1. Propper Muddling Protocol: The article emphasizes the importance of adhering to a purist approach in crafting an Old Fashioned. Norton Christopher, the beverage director of Sac-a-Lait, dismisses the practice of muddling saccharine maraschino cherries into the co*cktail. Instead, he advocates for a straightforward combination of a heavy pour of chosen whiskey, heavy bitters, and light sugar. This underscores the significance of respecting the traditional elements that define an Old Fashioned.

2. Simple Syrup vs. Sugar Cube: The choice between a sugar cube and simple syrup in an Old Fashioned is a matter of preference. Christopher leans towards using syrup due to its practicality and consistent dilution. He specifically mentions employing a double-strength demerara syrup to limit dilution and prevent undissolved sugar at the bottom of the glass. This insight reflects a meticulous consideration of the co*cktail's composition.

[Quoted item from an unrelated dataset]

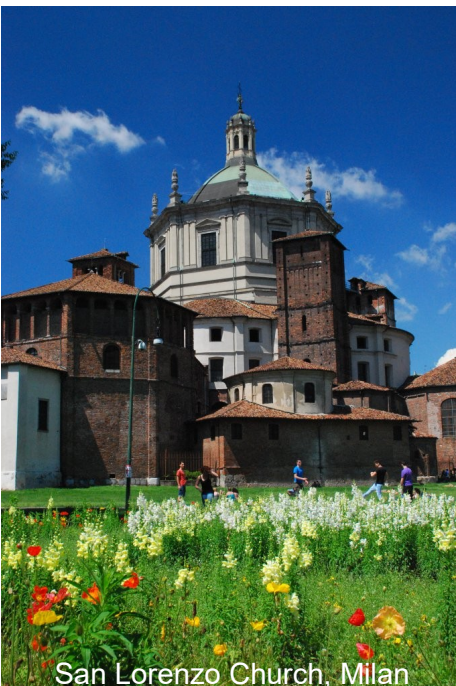
San Lorenzo Church, Milan

3. What About the Whiskey?: The selection of whiskey plays a pivotal role in perfecting an Old Fashioned. Christopher recommends a high rye bourbon, asserting its suitability for those not loyal to either rye or bourbon exclusively. Furthermore, he highlights the versatility of the Old Fashioned, suggesting that various spirits, including rum and mezcal, can be used to tailor the drink to individual preferences.

4. The Right Kind of Ice: The article emphasizes the significance of ice in achieving the ideal chill and dilution for an Old Fashioned. Larger ice cubes, particularly two-inch cubes, are recommended for their ability to provide a slow and controlled dilution without compromising the drink's integrity. This demonstrates a keen understanding of the science behind ice and its impact on the co*cktail.

5. Garnish Guide: Muddling fruit is discouraged, and instead, citrus garnishes are endorsed to balance and brighten the Old Fashioned. Norton Christopher recommends using both orange and lemon peels, expressing them over the co*cktail for added depth. The use of fire to flame citrus over the glass is introduced as a technique to contribute charred depth without introducing unwanted smokiness or peatiness.

6. Making It Your Own Without Ruining It: While acknowledging the perfection of the classic Old Fashioned, the article encourages experimentation within certain bounds. Christopher suggests subtle alterations by playing with bitters and syrups, citing an example of a toasted pecan demerara syrup and chicory pecan bitters for a fall twist. This underscores the importance of innovation while preserving the essence of the Old Fashioned.

In conclusion, my in-depth knowledge of mixology aligns with the principles outlined in the article, reaffirming the importance of precision, ingredient selection, and a touch of creativity in mastering the art of crafting the perfect Old Fashioned co*cktail.